On the surface, the world of Azaar may seem quite removed from that of Western viewers, are there specific elements that you hope resonate with audiences regardless of where they hail from?

The world is very small for Azaar throughout the film. Her village only has a handful of women, one other child, and she hasn’t seen her father in years. All they know is that there is a war happening beyond the mountains, but there is an ominous presence about the mountains; they don’t quite know what lies behind… or if they have been forgotten by the wider world.

At its core, this is as a coming of age story of a young girl learning about the harshness of the wider world.

It helps having a child as a protagonist with whom the audience can discover the world, as she does. We learn about the rules of the tribe at the same time as she does. Her mother is the protagonist in her coming of age story, and so we may only see parts of certain events. At its core, this is as a coming of age story of a young girl learning about the harshness of the wider world. It’s about belonging and identity; how does one carve out an identity within a tribe that doesn’t agree with your worldview?
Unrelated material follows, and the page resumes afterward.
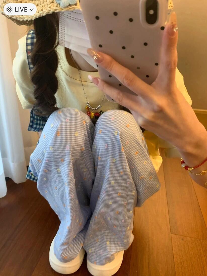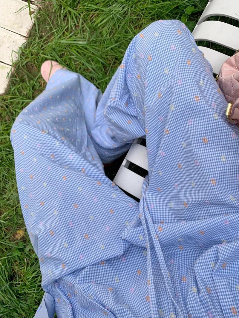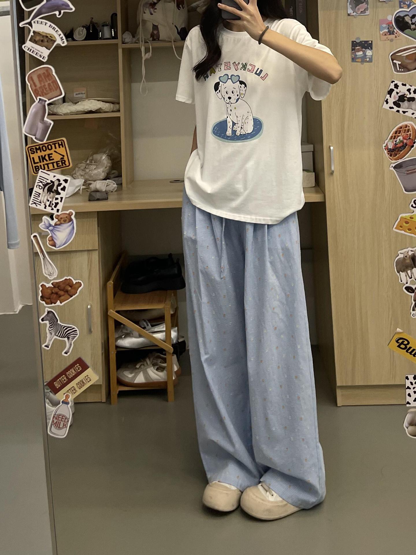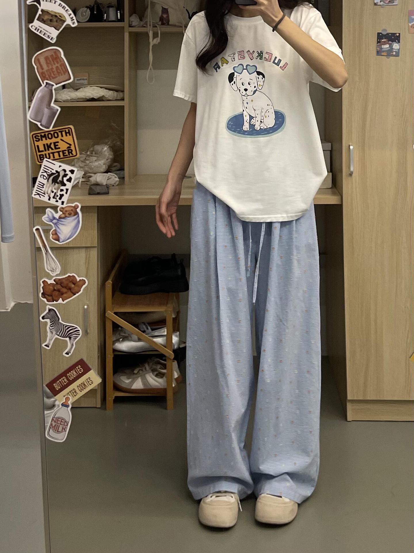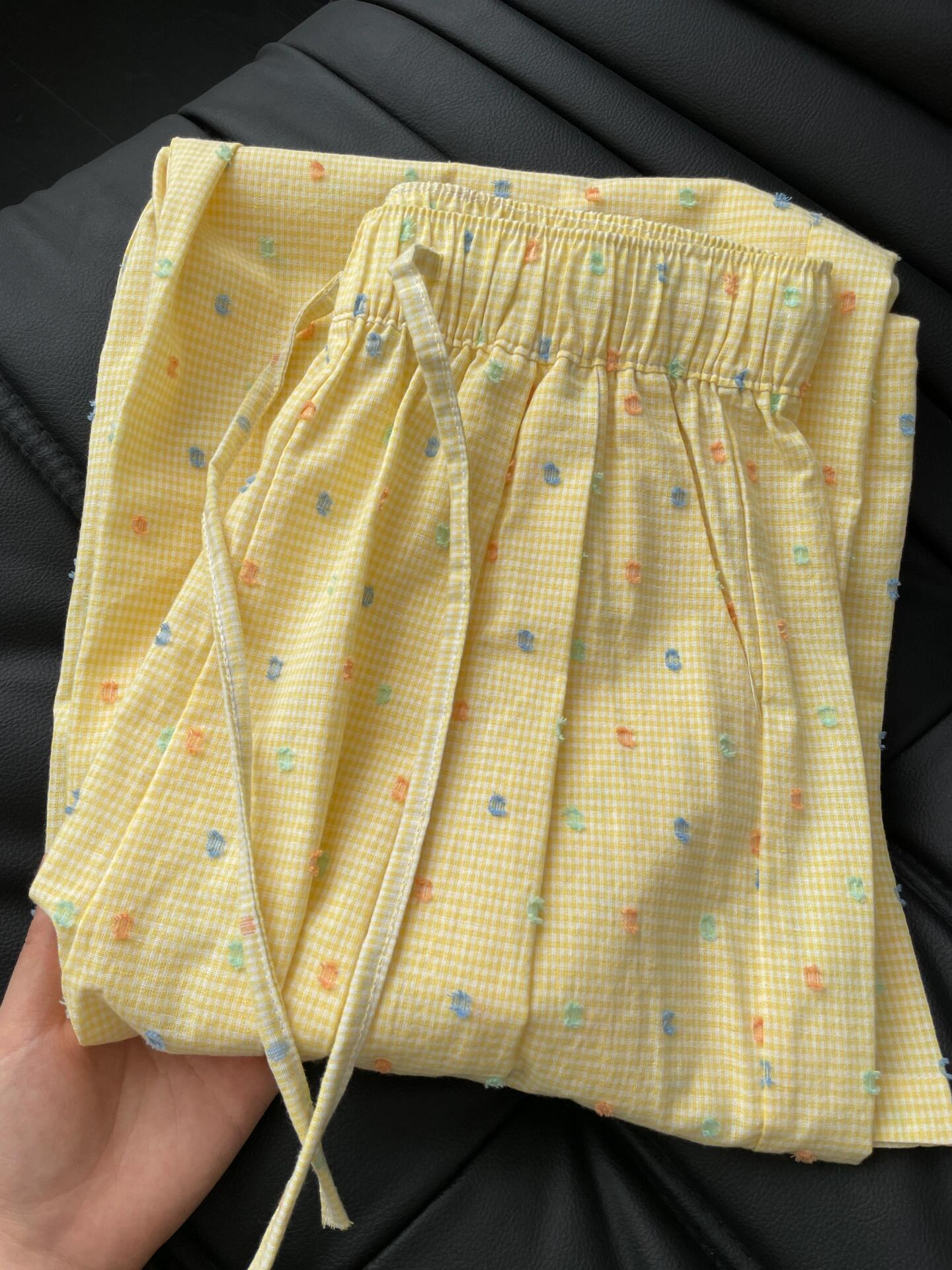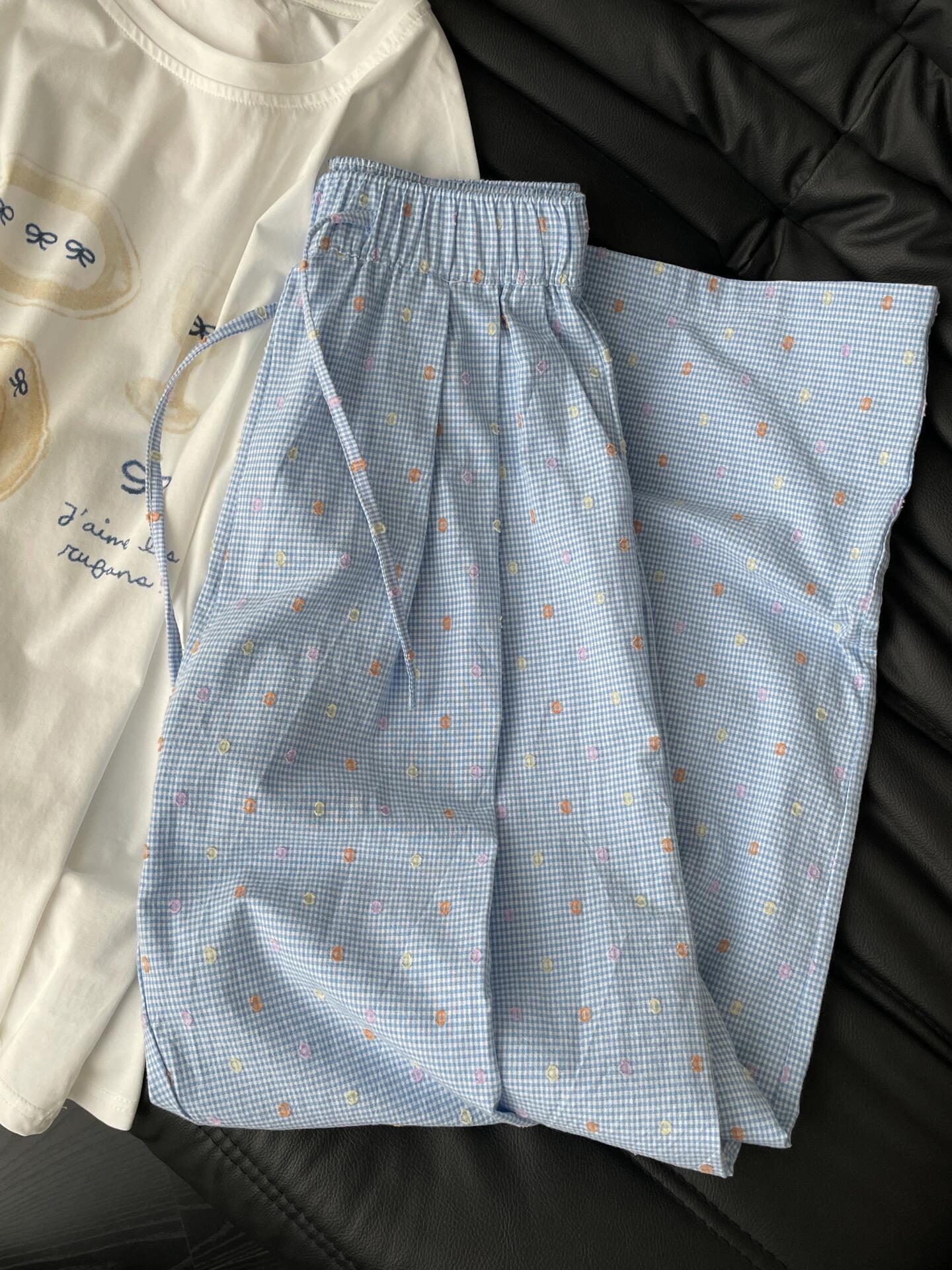 Pantalones casuales de lunares y ondas de colores para mujer, de algodón, de verano 2024, nuevos pantalones amarillos, azules, holgados, estilo holgado.

SPOILER: Azaar’s mother is driven to commit suicide for violating a code of honour, enforced by the tribe, and yet she still passes on the red veil (a symbol of the culture) to her daughter, telling her to respect it. Azaar is too young to understand these implications at this point, but the film very much questions what kind of woman she will grow to become, especially when faced with the intrusion of the wider world.

What are you working on next?

I have just begun developing my debut feature with Film4. I am also developing two other scripts, and recently directed 2nd Unit on Netflix show Top Boy so looking to do a bit more TV in the future too.